Abstract
SWISS-2DPAGE (http://www.expasy.ch/ch2d/ ) is an annotated two-dimensional polyacrylamide gel electrophoresis (2-DE) database established in 1993. The current release contains 24 reference maps from human and mouse biological samples, as well as from Saccharomyces cerevisiae, Escherichia coli and Dictyostelium discoideum origin. These reference maps have now 2824 identified spots, corresponding to 614 separate protein entries in the database, in addition to virtual entries for each SWISS-PROT sequence or any user-entered amino acids sequence. Last year improvements in the SWISS-2DPAGE database are as follows: three new maps have been created and several others have been updated; cross-references to newly built federated 2-DE databases have been added; new functions to access the data have been provided through the ExPASy proteomics server.
INTRODUCTION
The SWISS-2DPAGE database collects data on proteins identified on various two-dimensional polyacrylamide gel electrophoresis (2-DE) maps (1). The identification of proteins on 2-DE maps was obtained by various techniques (2), including gel comparison, microsequencing, immunoblotting, amino acid composition analysis, peptide mass fingerprinting using mass spectrometry, or a combination of some of these.

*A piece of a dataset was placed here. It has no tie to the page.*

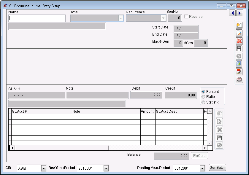 Default Menu Location: Maintain >> General Ledger >> Recurring Journal Entries

The core of the SWISS-2DPAGE database consists thus in the description of the proteins identified, including mapping procedures, physiological and pathological information, experimental data (isoelectric point, molecular weight, amino acid composition, peptide masses) and bibliographical references, in addition to the 2-DE images showing the protein locations. Cross-references are provided to MEDLINE, to other 2-DE databases [ECO2DBASE (3), HSC-2DPAGE (4), YEPD (5), and the two newly built SIENA-2DPAGE (6–8) and PHCI-2DPAGE (9,10)], and to SWISS-PROT (11), which itself provides many links to other molecular databases [EMBL (12), GenBank (13), PROSITE (14), MIM (15), etc.]. The SWISS-2DPAGE database is maintained by the Swiss Institute of Bioinformatics, in collaboration with the Central Clinical Chemistry Laboratory of Geneva University Hospital.
FORMAT
The protein entries in SWISS-2DPAGE are text files structured to be readable by human as well as by computer programs. Each entry is composed of defined lines, used to record various kinds of data (Fig. 1). For standardization purposes, the format of SWISS-2DPAGE entries is similar to the SWISS-PROT database (11) and contains specific lines dedicated to 2-DE data: (i) the master line (MT) lists the reference maps where the entry has been identified; (ii) the images line (IM) lists the 2-DE images available for the entry; (iii) the 2D lines integrate different topics including mapping procedure, spot coordinates, protein amino acid composition, peptide masses from mass spectrometry, protein expression levels and modifications. On the ExPASy Web server (see availability section) the data image associated with a protein entry displays the experimental location of the protein on the chosen map, together with a theoretical region computed from the protein sequence (Fig. 2).
CURRENT CONTENT
Release 11 of SWISS-2DPAGE (October 1999) contains twenty-four reference maps. Fourteen are from human cells or tissues (kidney, liver, lymphoma, platelet cells, red blood cells, colorectal epithelia cells), body fluids (cerebrospinal fluid, plasma), culture cells (colorectal adenocarcinoma cells, erythroleukemia cell line, hepatoblastoma carcinoma derived cells, hepatoblastoma carcinoma derived cell line secreted proteins, macrophage like cell line, promyelocytic leukemia derived cells); four are from mouse cells or tissues (liver, gastrocnemius muscle, pancreatic islet cells, epididymal fat pad); the other maps are from Saccharomyces cerevisiae, Escherichia coli (obtained for four pI ranges: 3.5–10, 4–5, 4.5–5.5, 5–6) and Dictyostelium discoideum origin. Table 1 gives detailed descriptions for each of these maps, including creation and release dates, number of detected spots, number of identified spots, and number of distinct protein entries. On these maps a total of 2824 spots have been identified by gel matching (51%), immunoblotting (24%), co-migration (3%), microsequencing (17%), amino acids composition (6%) and mass spectrometry (15%). Total exceeds 100% as some of the spots have been identified by several methods. These identifications correspond currently to 614 different protein entries from human, mouse, yeast, E.coli and D.discoideum origin (Fig. 3). In addition, there are as many virtual entries as protein sequences in the SWISS-PROT database or as any user-entered amino acids sequence.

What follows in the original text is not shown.